Deponiert die SGKB und andere Geschäftsbanken bei der SNB Gelder, dann werden diese bis zu einem gewissen Betrag seit Juni 2023 mit 1.75% verzinst. Der Zinssatz auf Guthaben über dieser Limite beläuft sich aktuell auf 1.25%. Während die Banken somit einen doch anständigen Zins von der Nationalbank erhalten, kriegen die Kunden wenig bis gar nichts.

Die SGKB hat im 1. Halbjahr 2023 rekordverdächtige Geschäftszahlen publiziert.

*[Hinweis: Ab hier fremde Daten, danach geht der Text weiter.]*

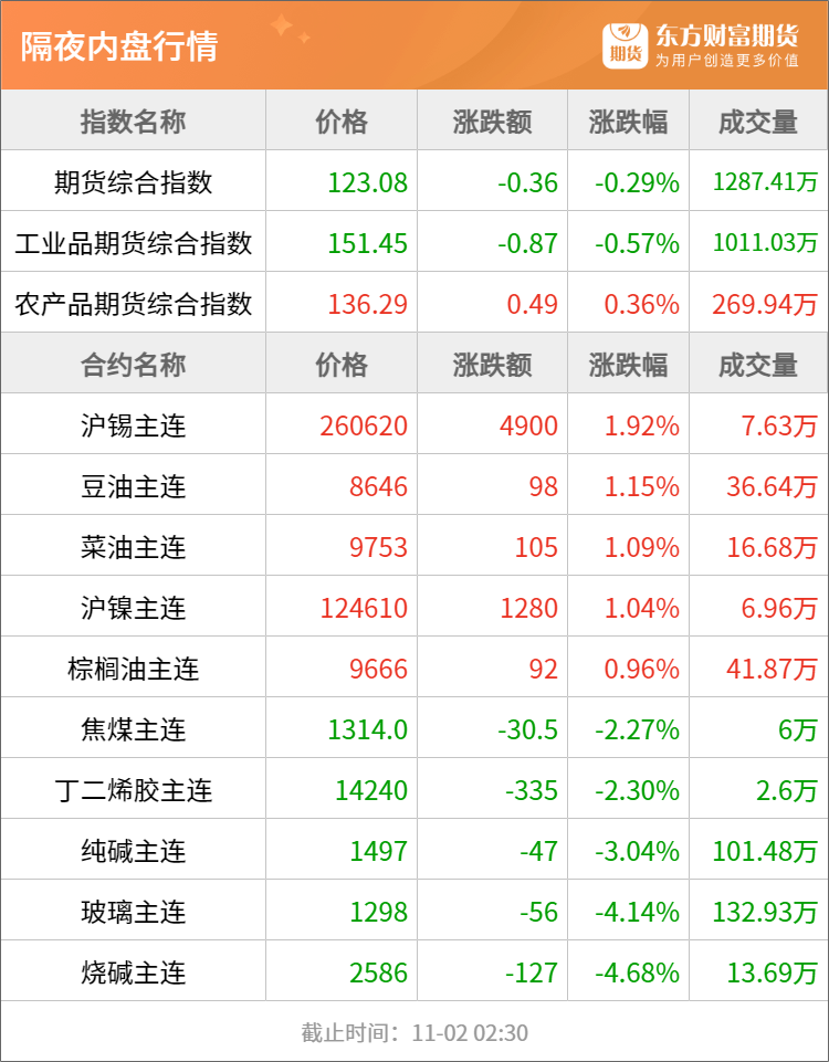 隔夜行情![]() ![]() 每日精选美国“狂野非农”来袭!新增就业仅1.2万人 大幅低于预期 上海市进一步加力支持汽车以旧换新补贴政策实施细则发布 年内涨近50% 氧化铝后市怎么走? 宏观产经央视新闻:外交部发言人林剑表示,为进一步便利中外人员往来,中方决定扩大免签国家范围,自2024年11月8日起对斯洛伐克、挪威、芬兰、丹麦、冰岛、安道尔、摩纳哥、列支敦士登、韩国持普通护照人员试行免签政策。至2025年12月31日期间,9国持普通护照人员来华经商、旅游观光、探亲访友和过境不超过15天,可免办签证入境。 人民日报:改革是利益格局调整的过程,不可能同时满足所有人的利益诉求,随着改革不断推进,对利益关系的触及将越来越深。我们要增强大局意识,正确对待改革中的利益关系调整和个人利害得失。改革也是一个渐进的过程,不可能一蹴而就。不能急于求成、好高骛远,不要把调子起高、胃口吊高,而要实事求是,一切从实际出发,稳扎稳打,积小胜为大胜。 财联社:最新数据显示,10月非农就业人数为1.2万人,事前一致预期为11.3万人,失业率维持在4.1%,符合预期。需要解释的是,这两个数据来自两份不同的调查,其中就业人数来自面向政府机构和企业的抽样调查,失业率则出自面向“打工人”的家庭调查。 品种资讯黑色系期货 钢材:247家钢厂高炉开工率82.44%,环比上周增加0.30个百分点,同比去年增加2.32个百分点;高炉炼铁产能利用率88.4%,环比减少0.08个百分点,同比减少1.83个百分点;钢厂盈利率61.04%,环比减少3.90个百分点,同比增加44.16个百分点;日均铁水产量 235.47万吨,环比减少0.22万吨,同比减少5.93万吨。(Mysteel) 煤炭:截至11月1日当周,钢材期现价格走弱,钢厂盈利率环比减少,且对焦炭提降预期仍存,独立焦企炼焦煤库存环比回落,钢厂炼焦煤库存微增。而煤矿炼焦煤库存增加13.8万吨至290.6万吨,港口炼焦煤库存也增加21.69万吨至837.66万吨。因此,炼焦煤库存整体呈现上游累增下游减少的状态,社会总库存量连增4周至2784.37万吨,创春节以来新高。(Mysteel) 铁矿石:钢之家发布的数据显示,中国各港口11月1日当周的铁矿石总库存1.49亿吨,较前一周上升1%。港口铁矿石总库存较上年同期增长39%。(界面新闻) 锰硅:湖南省地球物理地球化学调查所披露,经过长期勘探,在位于湖南省永州市的祁(阳)零(陵)盆地已累计探获锰矿资源量8400万吨,预计水埠头矿区锰矿资源量有望超1亿吨,祁零盆地锰矿资源整体潜力储量可能达2亿吨以上。(财联社) 农产品期货 棕榈油:据船运调查机构SGS公布数据显示,预计马来西亚10月1-31日棕榈油出口量为1450085吨,较上月同期出口的1197509吨增长21.1%。 据马来西亚独立检验机构AmSpec,马来西亚10月1-31日棕榈油出口量为1581118吨,较上月同期出口的1390806吨增加13.68%。(新华财经) 生猪:据农业农村部监测,11月1日,全国农产品批发市场猪肉平均价格为24.44元/公斤,与上周五(10月25日)的24.67元/公斤相比,下降0.9%。本周的平均价格为24.63元/公斤,与上周24.72元/公斤的均价相比,下降0.4%。本周国内生猪价格呈先降后涨趋势,周均价环比下跌。(财联社) 白糖:郑商所发布关于调整部分指定白糖交割仓(厂)库升贴水的公告,经研究决定,自2025年12月1日起调整部分白糖交割仓(厂)库的升贴水标准;2025年10月1日至11月30日注册的2025/26榨季的白糖仓单须于2025年11月30日注销,2025年12月1日以新的升贴水标准重新注册。升贴水标准具体调整如下。(新华财经) 有色/贵金属期货 碳酸锂:据上海钢联消息,11月1日电池级碳酸锂中间价较前一日上涨1000元/吨,报74000元/吨。(上海证券报) 沪镍:本周中国14港港口镍矿库存减少7.14万湿吨至1497.04万湿吨,降幅0.47%。以镍矿产地分,菲律宾镍矿1434.34万湿吨,其他国家62.7万湿吨;以镍矿品位分,低镍高铁矿662.7万湿吨,中高品位镍矿834.34万湿吨。(Mysteel) 黄金:本周,金价持续攀升,再创新高,一度站上2800美元/盎司关口。今年以来,国际金价累计上涨超32%,年内创新高次数超过30次。与此同时,黄金相关主题基金业绩一路“狂飙”,最高收益达31%。此外,截至三季度末,黄金主题基金总规模环比也涨超6%,多只黄金主题基金三季度份额甚至翻倍。(中国基金报) 能化期货 原油:消息人士透露,沙特阿拉伯可能在12月份下调其销往亚洲的大部分原油品种的价格。调查显示,12月份阿拉伯轻质原油旗舰产品的官方销售价格可能比上月每桶下降30至50美分,这与上月迪拜价差的类似降幅一致。(界面新闻) 美国至11月1日当周石油钻井总数479口,前值480口。(新华财经) 伊拉克石油部声明显示,伊拉克确认已根据对欧佩克+自愿减产的承诺,将石油产量降至330万桶/天。此次减产将在未来几个月内持续实施。(财联社) 苯乙烯:截至10月31日当周,中国苯乙烯工厂整体产量在30.4万吨,环比下降0.92万吨,降幅为2.94%;工厂产能利用率68.31%,环比下降2.07%。(隆众资讯) PVC:截止10月31日,国内PVC生产企业产能利用率在79.19%环比增加1.95%,同比增加2.68%;其中电石法在77.53%环比增加1.24%,同比增加0.56%,乙烯法在83.93%环比增加3.97%,同比增加8.82%。本周PVC企业检修损失量在7.92万吨,较上期减少1.70万吨。生产企业盐湖、联创、东曹、中泰、天业、北元、信发等检修结束,检修减损减少;部分装置负荷变动影响,检修与降幅损失量环比减少8.57%在12.09万吨,同比减少6.46%。(隆众资讯) 其他期货 欧线集运:上海航运交易所数据

Der CEO der SGKB, Christian Schmid, meinte, dass er mit dem Halbjahresergebnis der Bank sehr zufrieden sei. Gleiches können die Kunden mit Blick auf die Verzinsung ihrer Ersparnisse kaum sagen.

Bei der Publikation des Halbjahresergebnisses schrieb die SGKB, dass sich das Zinsgefüge normalisiere. Von einer Normalisierung kann meines Erachtens bei einer aktuellen Kontoverzinsung von 0% kaum die Rede sein. Statt die Verzinsung der Kundengelder künstlich tief zu halten und die Gebühren für Bankendienstleistungen stetig zu erhöhen, wäre es nun höchste Zeit, wirklich etwas für eine „Normalisierung“ zu tun.